The interview and instruments were administered in Italian, but versions, validation studies, cultural equivalence, licensing, and exact scoring rules are not identified. RAADS-R has 16 normative items requiring reverse scoring; the PDF shows numeric response categories in the prompt but not the reversal code. AQ asks for four responses and then applies the original binary scoring; the exact pipeline is also unavailable. Paired MAE is invariant if both sides are reversed, but sums, percentiles, and intensity assignment depend on correct scoring.
For data protection, the paper says records were anonymized with a code made from three letters of the first name and three from the surname.
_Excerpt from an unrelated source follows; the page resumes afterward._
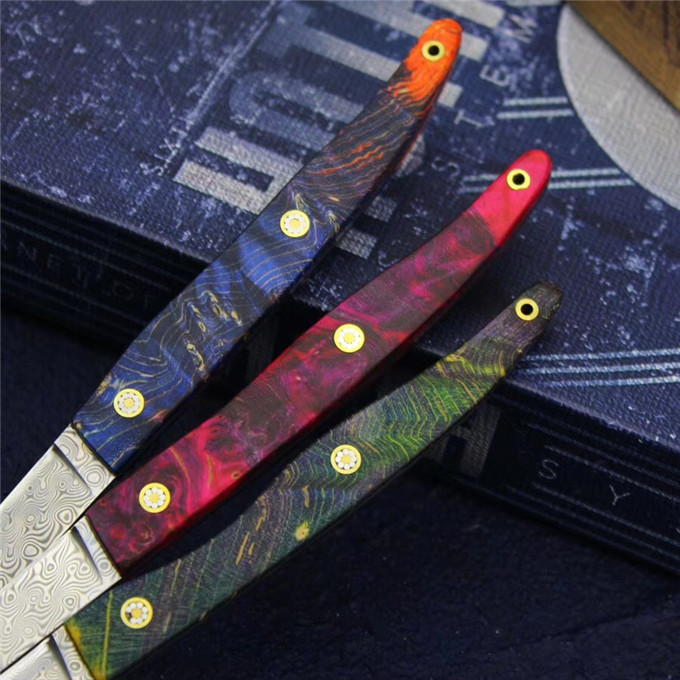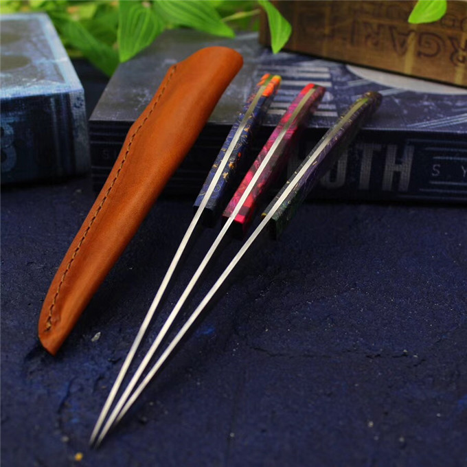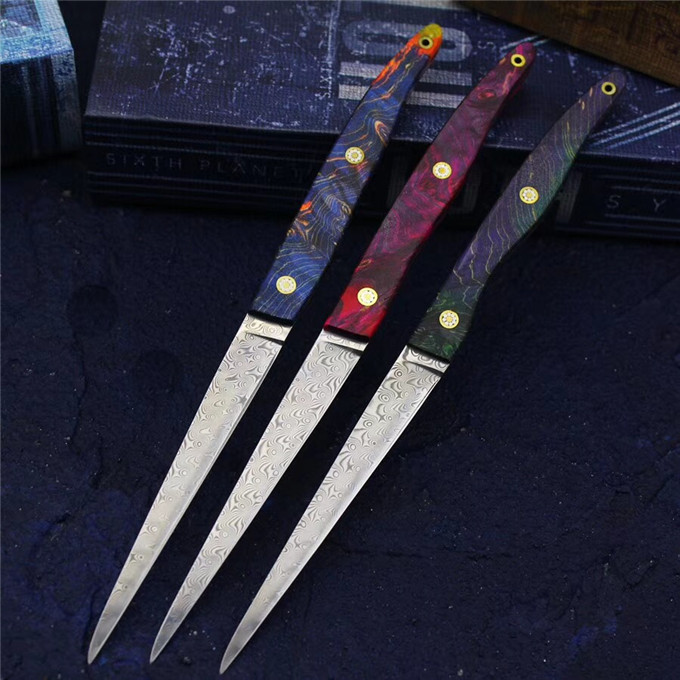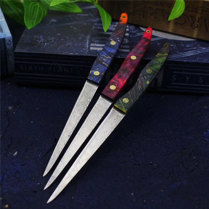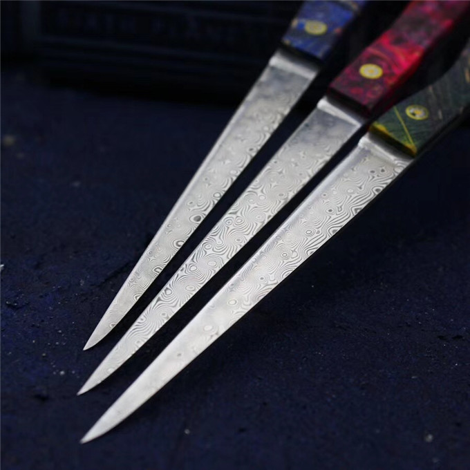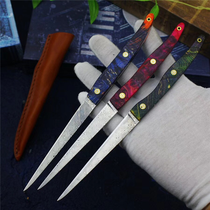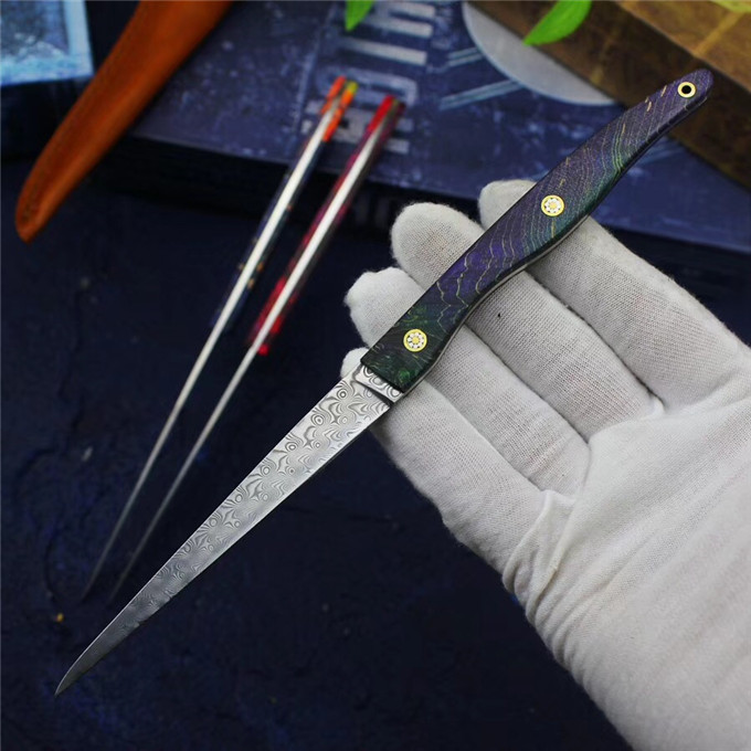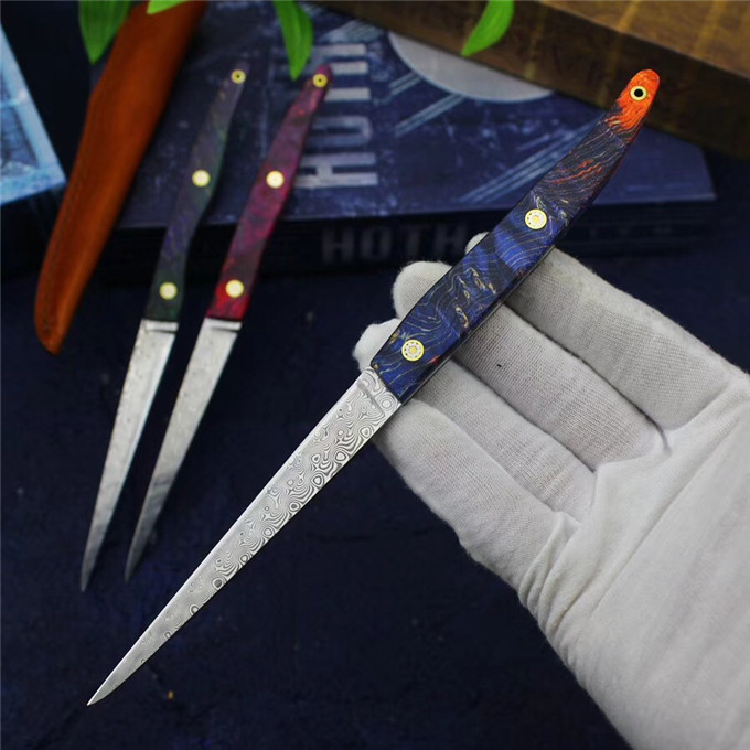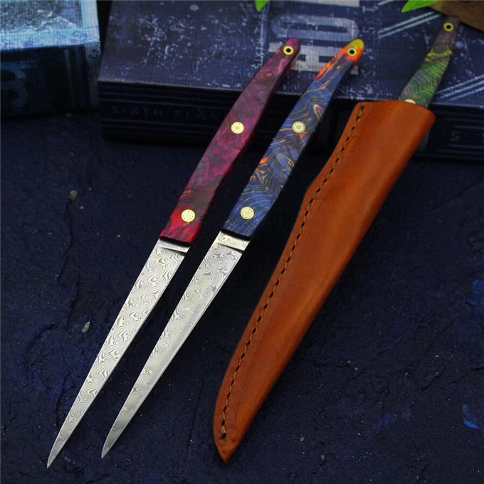 大马士革鱼刀 总长:21cm 刃长:10cm 手柄长:11cm 刃厚度:2mm 刃钢材:进口大马士革钢(螺旋纹) 硬度:60HRC 手柄材料:固化稳定木 净重:32g 包装配件:手工制作牛皮套+高级盒 纯手工开刃、非常锋利无比,家居水果刀

This is identifier-derived pseudonymization, not irreversible anonymization, especially in a local sample of 26. The system collected age, sex, education, nationality, diagnosis, and sensitive free text and emailed results, interviews, and consent forms to a dedicated address. The supplement says the platform collected or stored no personally identifiable information, which is in tension with the main method. No ethics committee, approval or exemption number, legal basis, encryption, retention, access controls, or re-identification assessment is reported; informed consent and non-diagnostic use are stated.
The defensible contribution is a pilot cross-format prediction study: symptom-rich interviews allow two LLMs to approximate self-report answers better than uniform choice, with GPT-4o slightly better on aggregate normalized MAE and two-run exact stability of 77–87%. This is a useful signal for designing a stronger benchmark. It does not establish identity reconstruction, simulation of neurodivergent cognition, clinical validity, architectural superiority, absence of stereotypes, or suitability as a substitute for human participants. Claims about “synthetic participants” require larger data, paired controls, nontrivial baselines, reproducible scoring, diagnostic evaluation, and explicit ethical governance.